Commenting upon the fact that 600 Jewish children from Poland were compelled to leave last week for Palestine from Teheran by way of India, which adds hundreds of miles to their journey, because the Iraq Government refused them transit passage through Iraq despite American and British intervention, the British newspapers today demand that either Prime Minister Churchill or Foreign Secretary Eden make a statement in Parliament regarding Iraq’s conduct.

A full-page editorial in the influential liberal weekly, New Stateman, and Nation, entitled “Our Part in the Massacres.” today urges the admission into Palestine of 40,000 Jewish refugees under the provisions of the White Paper of 1939. “It is intolerable,” the editorial states, “that Palestine of all places should be closed, and by our own act.”

The Sunday Observer today asks why thousands of Italian settlers in Abyssinia have been allowed to return to Italy, without the British Government insisting on the release of at least a similar number of Jews in Axis heads It add “The appalling slaughter of Jewry continues and British official policy remains ineffective. The thing is to get these people out of the fires of Hell. Announcing future penalties for the stokers does not save lives now.”
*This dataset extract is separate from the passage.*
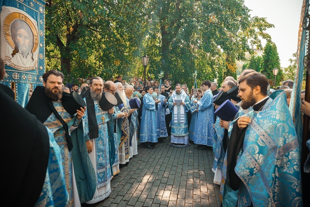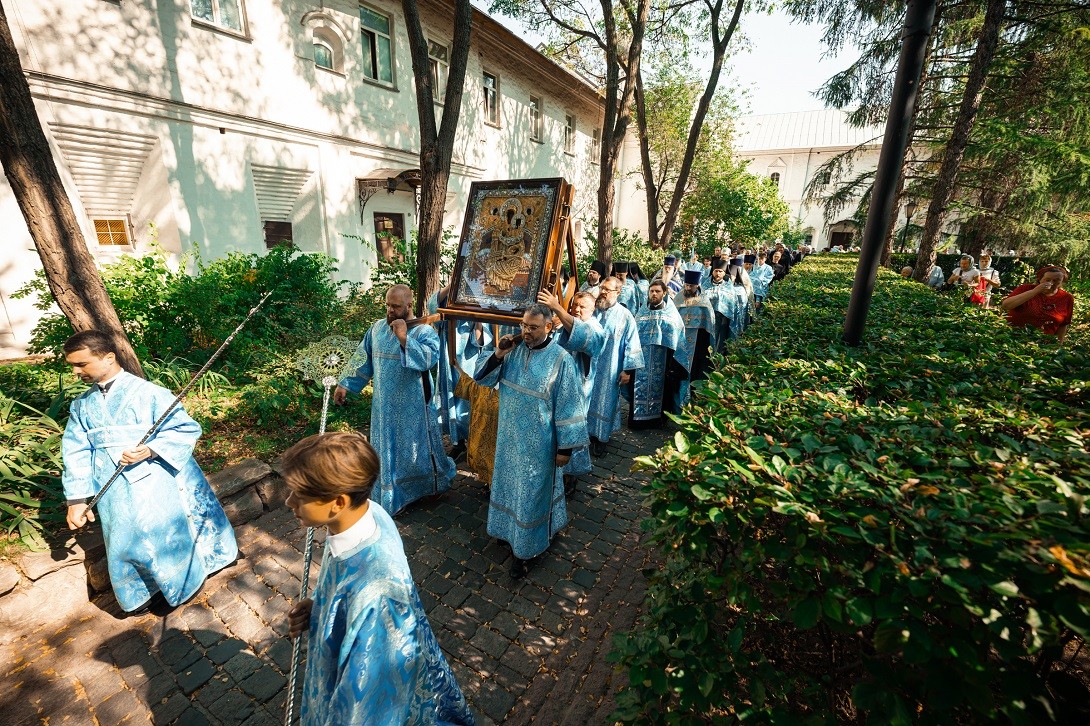 По окончании Литургии состоялся крестный ход по обители с иконой Божией Матери «Всецарица». Затем образ был поставлен в специальном украшенном шатре у собора для поклонения верующих.

A call to Jewish emigrees throughout the world to prepare for large-scale aid to help the Jews of Europe as soon as Hitler is defeated was voiced here today at a meeting of the Association of Jewish Refugees in Britain. The gathering was called to honor the memory of Heinrich Stahl, former head of the Berlin Jewish community, who died in the Terezin ghetto in Czechoslovakia where the Nazis have concentrated tens of thousands of Czech and German Jews.